#### Task to complete
Your answer must be the lines from the start of the records through the line with "调整后规定:在温州市实验中学", exactly as written, without the pictures.
□ □ □
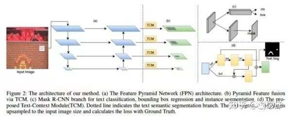 整个网络流程如下图所示,(a) 是 FPN 结构,(b) 是 text context(TCM)模块,(c) 是Mask R-CNN 的分支,(d) 是 TCM 具体的方法。
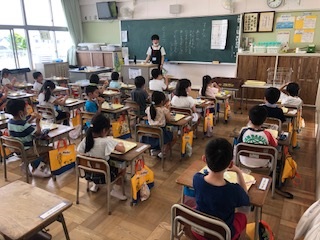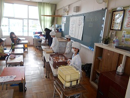 各学級では、配膳台の消毒、手洗い、給食当番の手消毒などをていねいに行っていました。普段グループの形の会食となりますが、新型コロナウイルス感染症の対応で全員前を向いて会話のない食事となっています。
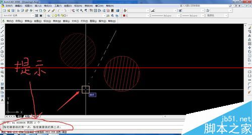 4、接着就是选择镜像的对称轴第一点的位置,这就是我们之前画好的那条直线,选中斜线的一个端点点击鼠标左键
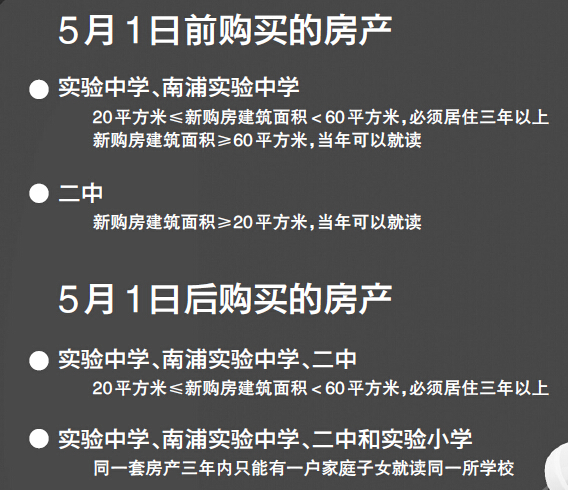 调整后规定:在温州市实验中学、温州市南浦实验中学、温州第二中学三所学校辖区内,新购房建筑面积在20平方米以上、60平方米之内的,必须达到居住三年以上(居住时间不得迟于2012年8月31日)。另外,上述三所学校和温州市实验小学同一套房产三年内只能有一户家庭子女就读同一所学校。该调整从5月1日起实施,并且采用“老人老办法,新人新办法”。(详见图)
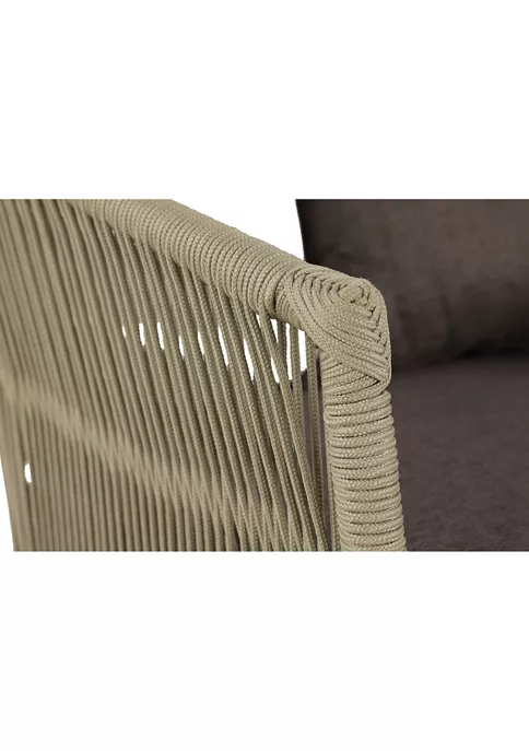 Features a modern style inspired by a minimalistic design with clean lines and angular structures. Patio side chair has a water-resistant aluminum seat covered in woven polypropylene rope, a polyester cushion, and 4 acacia wood legs. Outdoor accent chair carries beige rope with taupe grey, white cushion and brown wood legs. Modern outdoor lounge chair features a curved back that slopes down to a tapered armrest supported by fish bone woven rope, and complemented with detachable cushions for maximum comfort. This item measures 28.50″ x 330″ x 290″; and weights 200 lbs
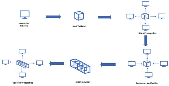 Incorporating smart meters into the P2P energy trading ecosystem offers several benefits, like enabling real-time monitoring of energy consumption, accurate billing and transparent data exchange between consumers and prosumers [68], allowing consumers to make informed decisions about their energy usage, aligning it with renewable energy availability, while prosumers receive fair compensation. The transparent data exchange enhances trust among participants, fostering cooperation and contributing to a more sustainable energy landscape. Overall, these advancements in blockchain-based P2P energy trading can empower individuals and communities to actively shape a greener and more resilient energy future in India’s Green Revolution. Figure 7 outlines the fundamental steps in the blockchain processing flow, showcasing how transactions are initiated, validated and added to the blockchain through consensus mechanisms, ultimately leading to an updated and consistent distributed ledger across the network.
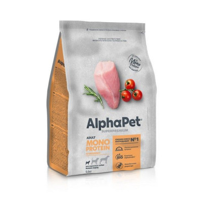 АЛЬФАПЕТ СУПЕРПРЕМИУМ МОНОПРОТЕИН КОРМ Д/СОБАК МЕЛК.ПОРОД ИНДЕЙКА 500Г. /АРТ.121346/ (ВЕТ.) [ALPHAPET]
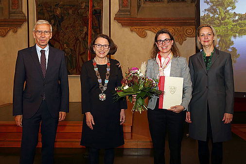 Die Atmosphäre war feierlich und freudig als Oberbürgermeisterin Gertrud Maltz-Schwarzfischer am Abend des 27. Oktober 2021 im Historischen Reichssaal des Alten Rathauses die Regensburger Preise für Frauen in Wissenschaft und Kunst verlieh. Neben Prof. Dr. Konstantina Papathanasiou, die sich an der Universität Regensburg habilitiert hatte, wurden Julia Unterhofer für ihre Abschlussarbeit an der Hochschule für katholische Kirchenmusik und Musikpädagogik Regensburg sowie Dr. Marianne Unterreitmeier für ihre kooperative Promotion an der Universität Erlangen-Nürnberg und der Ostbayerischen Technischen Hochschule Regensburg ausgezeichnet.
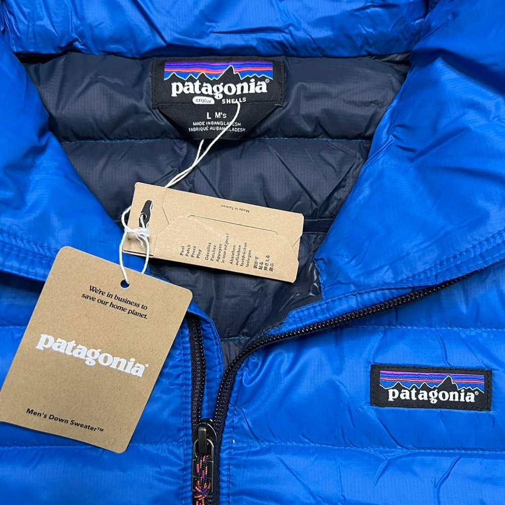 C06 / Patagonia Down Sweater Jacket - Men's / Blue Patagonia puffer jacket Large Ski - winter - hiking - outdoors - festival Events / party / boho / western - glam The perfect warmth for just about everything, our classic Down Sweater is lightweight and windproof with a shell built of NetPlus 100% postconsumer recycled nylon ripstop made from recycled fishing nets to help reduce ocean plastic pollution, and it's insulated with 800-fill-power 100% Responsible Down Standard down certified by Control Union (CU 880272). The purchase of Responsible Down Standard certified products demonstrates demand for better animal welfare practices in the down and feather supply chain
□ □ □
#### Answer space
 整个网络流程如下图所示,(a) 是 FPN 结构,(b) 是 text context(TCM)模块,(c) 是Mask R-CNN 的分支,(d) 是 TCM 具体的方法。
 各学級では、配膳台の消毒、手洗い、給食当番の手消毒などをていねいに行っていました。普段グループの形の会食となりますが、新型コロナウイルス感染症の対応で全員前を向いて会話のない食事となっています。
 4、接着就是选择镜像的对称轴第一点的位置,这就是我们之前画好的那条直线,选中斜线的一个端点点击鼠标左键
 调整后规定:在温州市实验中学、温州市南浦实验中学、温州第二中学三所学校辖区内,新购房建筑面积在20平方米以上、60平方米之内的,必须达到居住三年以上(居住时间不得迟于2012年8月31日)。另外,上述三所学校和温州市实验小学同一套房产三年内只能有一户家庭子女就读同一所学校。该调整从5月1日起实施,并且采用“老人老办法,新人新办法”。(详见图)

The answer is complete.